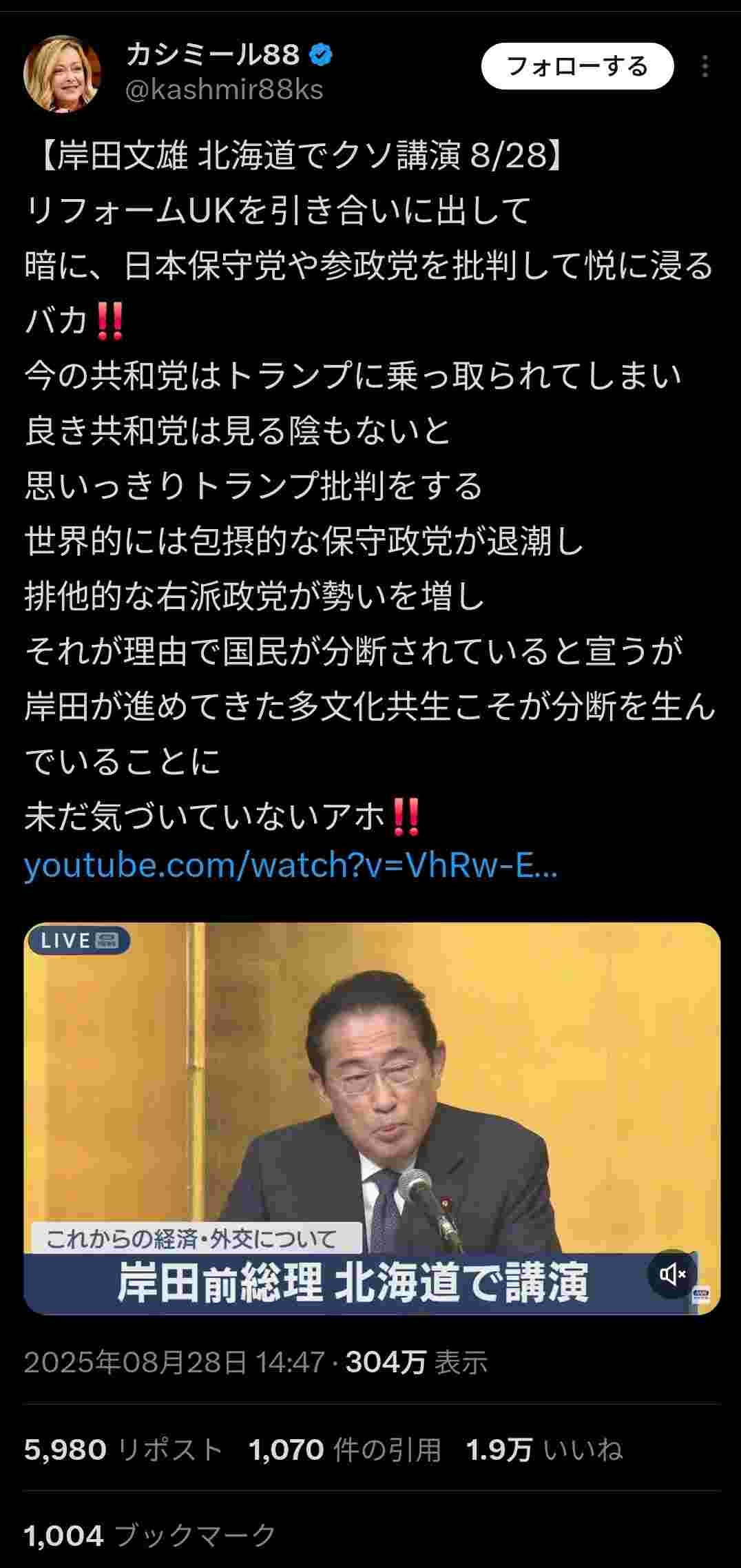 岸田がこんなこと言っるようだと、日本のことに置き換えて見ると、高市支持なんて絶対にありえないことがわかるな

────────

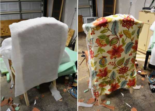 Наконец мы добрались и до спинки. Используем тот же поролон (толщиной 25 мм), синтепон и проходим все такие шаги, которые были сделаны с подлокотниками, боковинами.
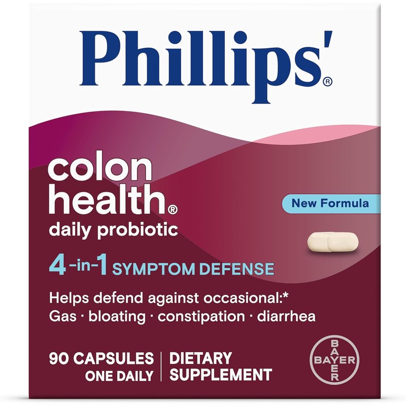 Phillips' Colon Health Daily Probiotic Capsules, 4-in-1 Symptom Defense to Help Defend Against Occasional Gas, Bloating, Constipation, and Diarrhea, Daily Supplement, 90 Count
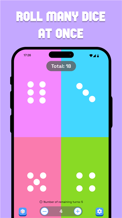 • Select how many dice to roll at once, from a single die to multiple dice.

────────

**Exercise description:**
Only the lines above from the one containing "Наконец мы добрались" through the one containing "to multiple dice." should be returned, verbatim and inclusive, with pictures excluded.

**Response area:**
 Наконец мы добрались и до спинки. Используем тот же поролон (толщиной 25 мм), синтепон и проходим все такие шаги, которые были сделаны с подлокотниками, боковинами.
 Phillips' Colon Health Daily Probiotic Capsules, 4-in-1 Symptom Defense to Help Defend Against Occasional Gas, Bloating, Constipation, and Diarrhea, Daily Supplement, 90 Count
 • Select how many dice to roll at once, from a single die to multiple dice.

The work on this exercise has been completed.